I would personally see how things pan out. I would certainly not volunteer to get rid of my pets or perhaps go into too much detail about them as the issue is not fir you to resolve.

Even a special school wouldn’t be able to guarantee pet free though.

Hayliebells · 16/04/2023 20:30

The child can't attend a mainstream school if their allergy is that severe.

Mummyoflittledragon · 16/04/2023 20:40

The one thing you could do is to contact the head and let them know what has been said. They can’t discuss it with you. But it’s feedback for their information.

MrsMullerBecameABaby · 16/04/2023 20:40

www.anaphylaxis.org.uk/fact-sheet/allergy-to-animals/

It's more likely that pet dander or cat hair would cause a severe asthma attack than anaphylactic shock, but apparently anaphylactic shock is possible (though very rare).
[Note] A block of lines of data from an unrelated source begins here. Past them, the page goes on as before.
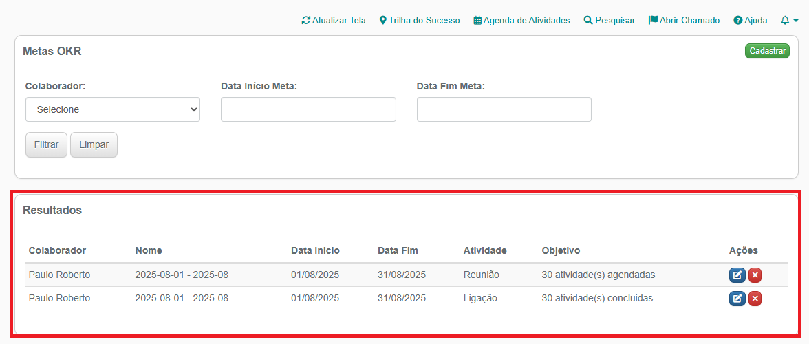 7- Sus metas OKR cadastradas serão exibidas na tela principal das Metas OKR: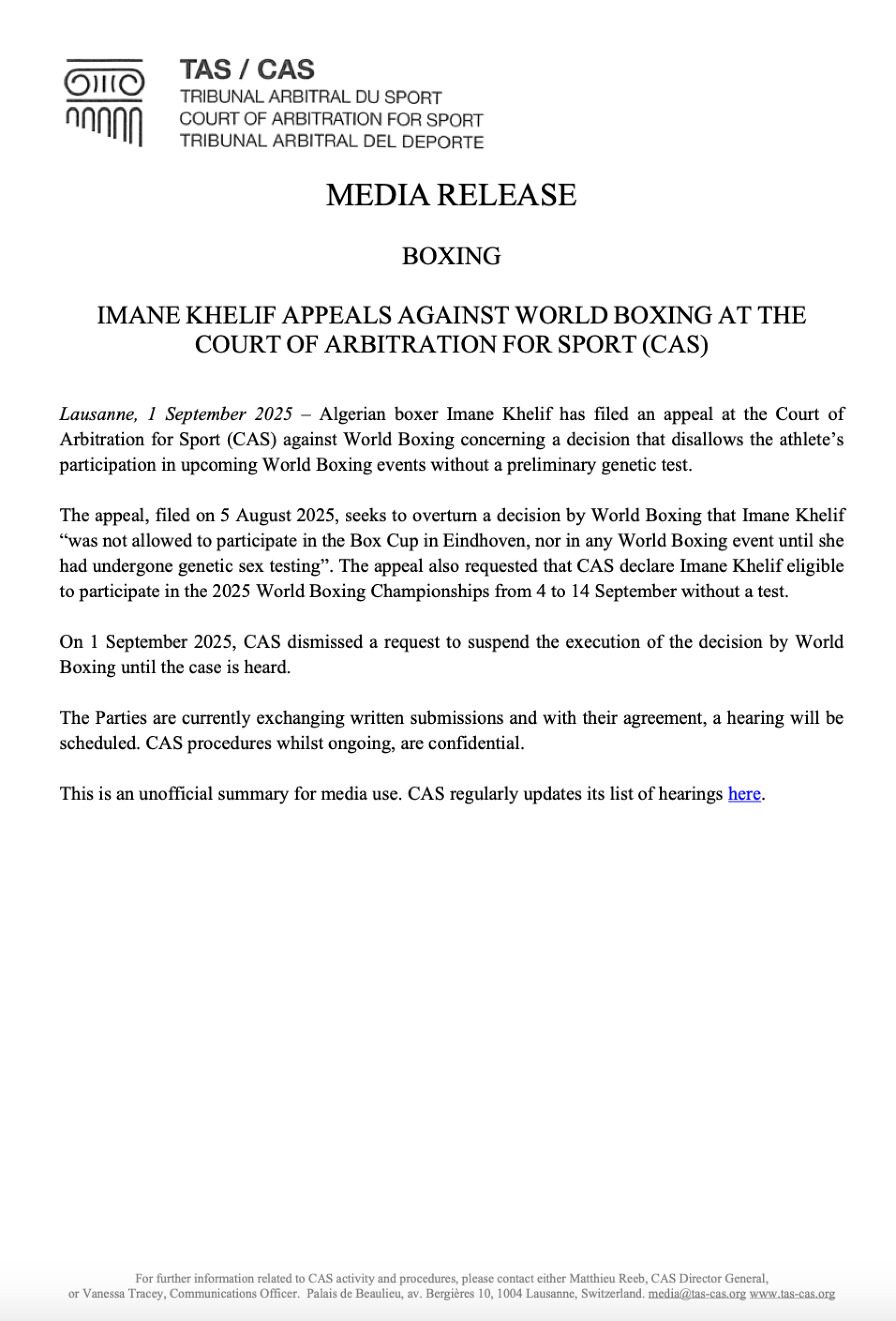 5 августа 2025 года Хелиф подала апелляцию, в которой требует отменить запрет и разрешить ей выступать на чемпионате мира по боксу, запланированном на 4-14 сентября 2025 года, без прохождения тестирования. Спортивный арбитражный суд (CAS) отклонил просьбу World Boxing временно приостановить исполнение решения до завершения дела, и сейчас стороны обмениваются документами для подготовки к слушанию.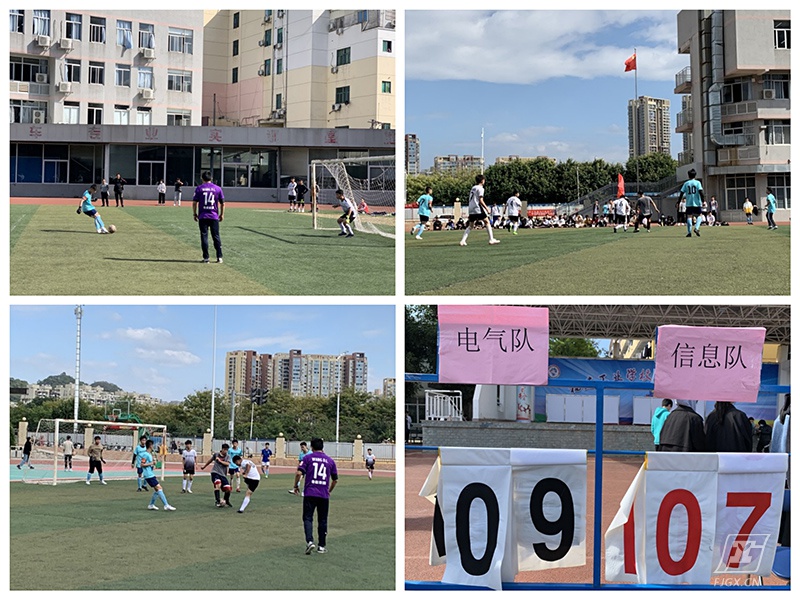 电气专业教学部和经贸专业教学部实力相当。一开场,双方前锋灵活地左突右击,在众多防守队员中带球穿过,创造了很多射门机会,但都被对方迅速拦截,赛况十分激烈。经过一个小时激烈的比拼,电气专业教学部以1:0的成绩险胜。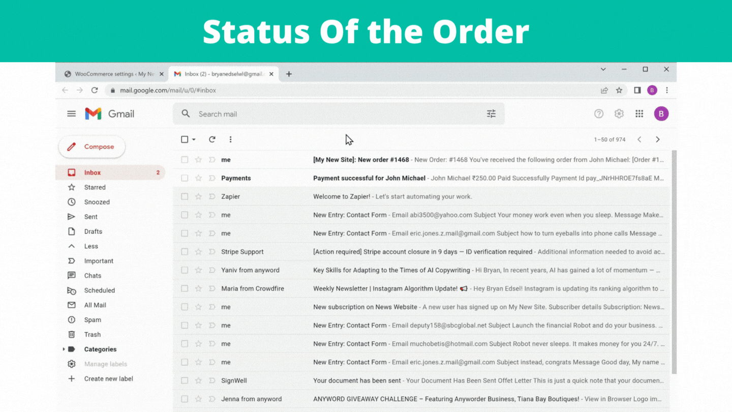 Now if the customer checks their inbox, you can see that they’ve received an email with an update about their order status.

There's lots of information on the link about practical things the sufferer (parents) and the school can do (specific inhalers, nasal spray and antihistamines for the child, no carpets or other soft furnishings in the classroom, more regular cleaning of the classroom, open windows, anaphylaxis and/ or asthma specific first aid training for the teachers and TAs).
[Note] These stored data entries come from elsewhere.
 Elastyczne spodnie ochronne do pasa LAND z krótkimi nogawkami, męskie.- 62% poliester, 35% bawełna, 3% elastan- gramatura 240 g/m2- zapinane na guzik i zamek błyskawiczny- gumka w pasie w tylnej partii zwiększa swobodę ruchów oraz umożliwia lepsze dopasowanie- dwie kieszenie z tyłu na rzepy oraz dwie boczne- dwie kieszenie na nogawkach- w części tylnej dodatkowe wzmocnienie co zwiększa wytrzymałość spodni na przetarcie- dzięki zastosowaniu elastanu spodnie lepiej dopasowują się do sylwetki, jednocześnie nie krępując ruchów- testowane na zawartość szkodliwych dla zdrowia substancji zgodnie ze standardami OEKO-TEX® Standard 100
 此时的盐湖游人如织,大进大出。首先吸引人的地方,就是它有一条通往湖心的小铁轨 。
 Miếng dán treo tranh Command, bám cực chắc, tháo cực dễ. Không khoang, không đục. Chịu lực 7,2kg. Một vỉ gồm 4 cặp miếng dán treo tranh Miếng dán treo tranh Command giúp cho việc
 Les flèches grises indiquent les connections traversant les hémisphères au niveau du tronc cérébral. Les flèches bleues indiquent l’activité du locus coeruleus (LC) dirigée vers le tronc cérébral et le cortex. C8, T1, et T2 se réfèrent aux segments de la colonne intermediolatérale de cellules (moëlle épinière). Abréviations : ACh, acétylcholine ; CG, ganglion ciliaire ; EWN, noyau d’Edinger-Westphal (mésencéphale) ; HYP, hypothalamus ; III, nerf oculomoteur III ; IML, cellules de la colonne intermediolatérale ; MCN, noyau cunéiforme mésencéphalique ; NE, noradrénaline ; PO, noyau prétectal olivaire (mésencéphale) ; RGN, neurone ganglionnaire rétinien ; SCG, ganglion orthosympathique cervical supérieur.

niugboo · 16/04/2023 20:45

BungleandGeorge · 16/04/2023 18:44

Tbh whatever measures were recommended by their medical team would have to be followed by the last headteacher. So I presume these are decided by mum (which may be understandable if severely allergic but doesn’t mean they are sensible)

That’s not correct re having to follow advice.

adamsaboutnothing · 16/04/2023 20:50

I can sympathise as this I'm very similar. I can tell if someone has a cat within minutes of being stood next to them. If I sit in a chair of someone who has a cat, I can have full blown man-flu within 10-15 minutes. When I'm in meetings, I have to simply get up and move if I sense the person next to me has a cat or else I'll turn into a sneezing itching mess. Can I do anything about it? No. Do I expect anyone else to do something about it? No. My work has no brought in hot-desking so it's like Russian roulette whether a crazy cat lady has sat at the desk before me. I just have to take antihistamines before I go in.
I'm afraid in this situation, they either need to learn with it or it's home schooling. I really don't know what the mum expects the school to do really.

JudgeRudy · 16/04/2023 20:53

Is the allergy a respiratory one? Does the child wear a hepa respirator (N95)? It's unfortunate but if for example a child had a condition where their skin would be damaged by sunlight they wear creams and cover up. I'm guessing it would be similar for this child, so mask at school, lots of handfasting then shower when home.
Every single class is going to have several children with pets. Some parents struggle to get their kids to school on time, let alone with a superclass uniform. Sadly for the child I think they're going to have to be the one isolating. I'd also suggest training for staff inc TAs and lunch staff in anaphylaxis and epi pens.

Crunchymum · 16/04/2023 20:56

We have two (pure fucking white) cats and despite everything we do, we're often covered with some furr.

I've taken to giving the kids a lint brush on their school bags. We'd be a massive danger to that poor child.

As a side note, anything we can do about the furr? Or do we all need to have a wardrobe of white clothes?

Tanith · 16/04/2023 20:56

This really is not your issue to solve.

The details of any care plan will have been arranged with reference to any medical diagnosis and advice from the child's doctors. That's for the Head teacher to work out and there's no need for you to be involved.

You certainly won't be told to get rid of your pets. I'm not quite sure why you'd think this, based on the very limited information you have.
I'm sure the HT never expected you to act as a spokesperson for the school and I'd refer this parent back to her for reassurance if it's needed.